**SUPPLIED MATERIAL:**

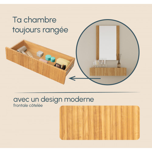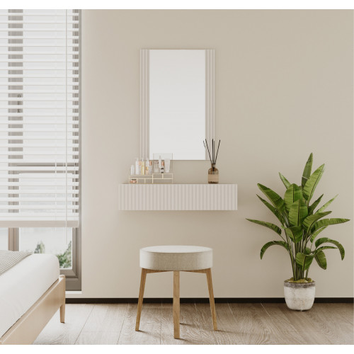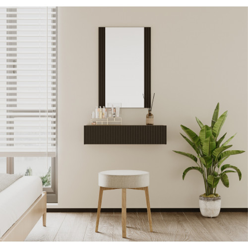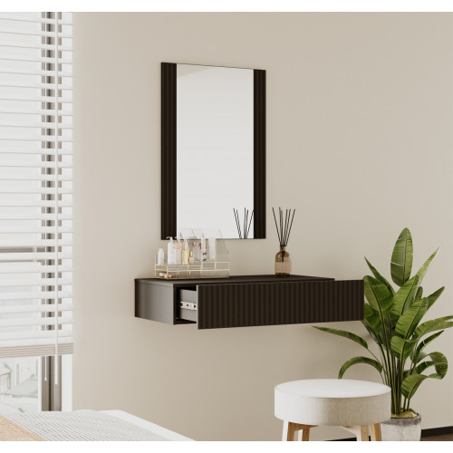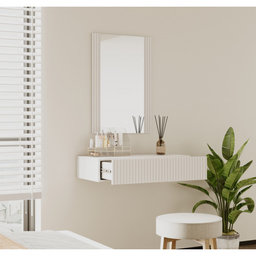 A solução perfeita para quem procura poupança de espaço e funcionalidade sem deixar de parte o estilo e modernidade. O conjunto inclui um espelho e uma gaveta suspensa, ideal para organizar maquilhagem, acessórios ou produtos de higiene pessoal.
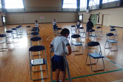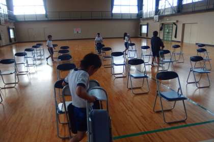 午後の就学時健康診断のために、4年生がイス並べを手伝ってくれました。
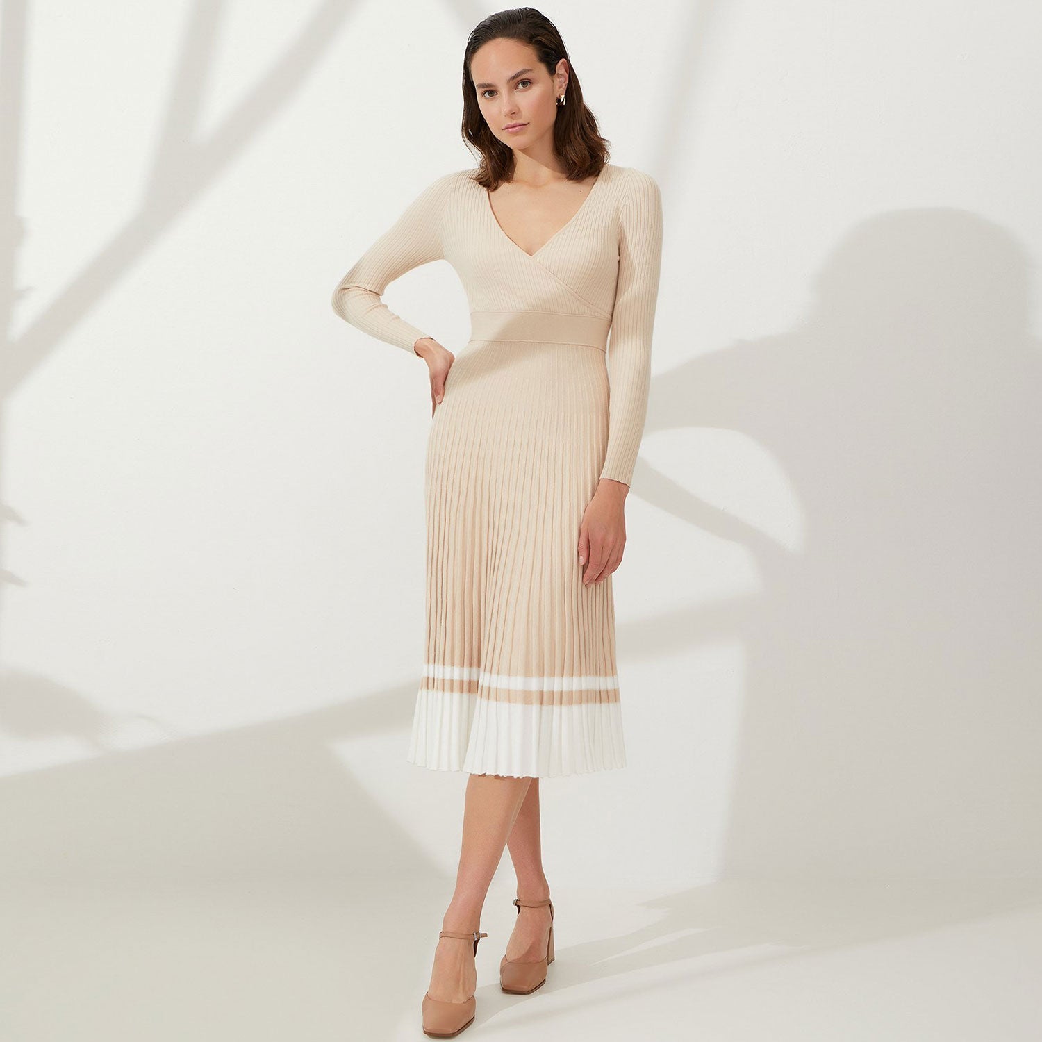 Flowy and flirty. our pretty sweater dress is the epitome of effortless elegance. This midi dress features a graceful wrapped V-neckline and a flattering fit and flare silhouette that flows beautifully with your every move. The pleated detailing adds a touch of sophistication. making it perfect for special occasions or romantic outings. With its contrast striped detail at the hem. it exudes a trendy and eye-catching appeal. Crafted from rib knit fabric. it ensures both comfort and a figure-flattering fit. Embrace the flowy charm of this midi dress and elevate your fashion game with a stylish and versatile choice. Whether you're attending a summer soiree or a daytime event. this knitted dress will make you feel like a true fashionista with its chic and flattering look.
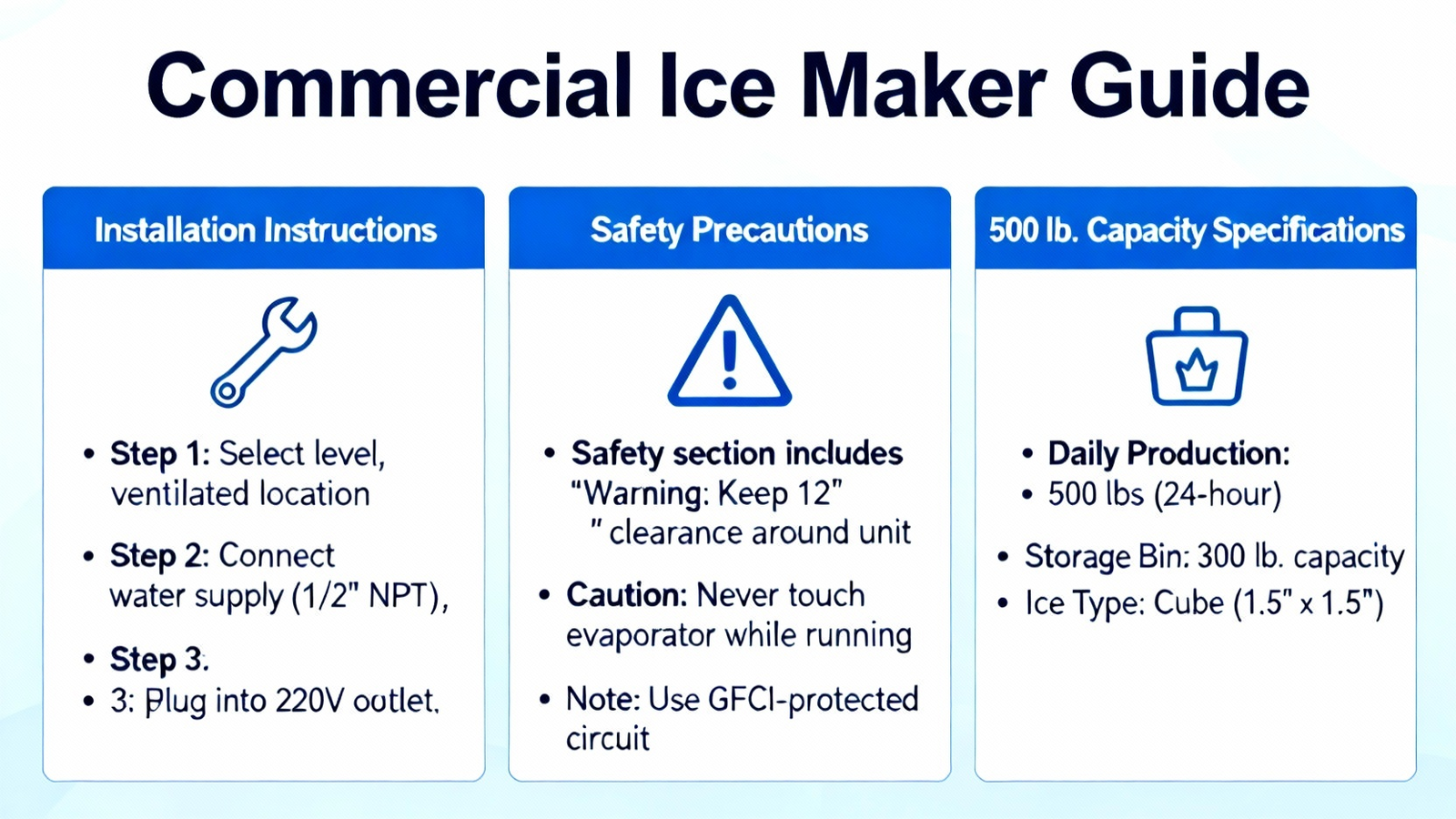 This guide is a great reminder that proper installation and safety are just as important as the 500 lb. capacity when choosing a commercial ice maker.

**WHAT YOU SHOULD DO:**
Extract, word for word, every line from the one containing "午後の就学時健康診断のために、4年生がイス並べを手伝ってくれました。" to the end of the data above, both ends included, and leave out the pictures.

**FINAL ANSWER:**
 午後の就学時健康診断のために、4年生がイス並べを手伝ってくれました。
 Flowy and flirty. our pretty sweater dress is the epitome of effortless elegance. This midi dress features a graceful wrapped V-neckline and a flattering fit and flare silhouette that flows beautifully with your every move. The pleated detailing adds a touch of sophistication. making it perfect for special occasions or romantic outings. With its contrast striped detail at the hem. it exudes a trendy and eye-catching appeal. Crafted from rib knit fabric. it ensures both comfort and a figure-flattering fit. Embrace the flowy charm of this midi dress and elevate your fashion game with a stylish and versatile choice. Whether you're attending a summer soiree or a daytime event. this knitted dress will make you feel like a true fashionista with its chic and flattering look.
 This guide is a great reminder that proper installation and safety are just as important as the 500 lb. capacity when choosing a commercial ice maker.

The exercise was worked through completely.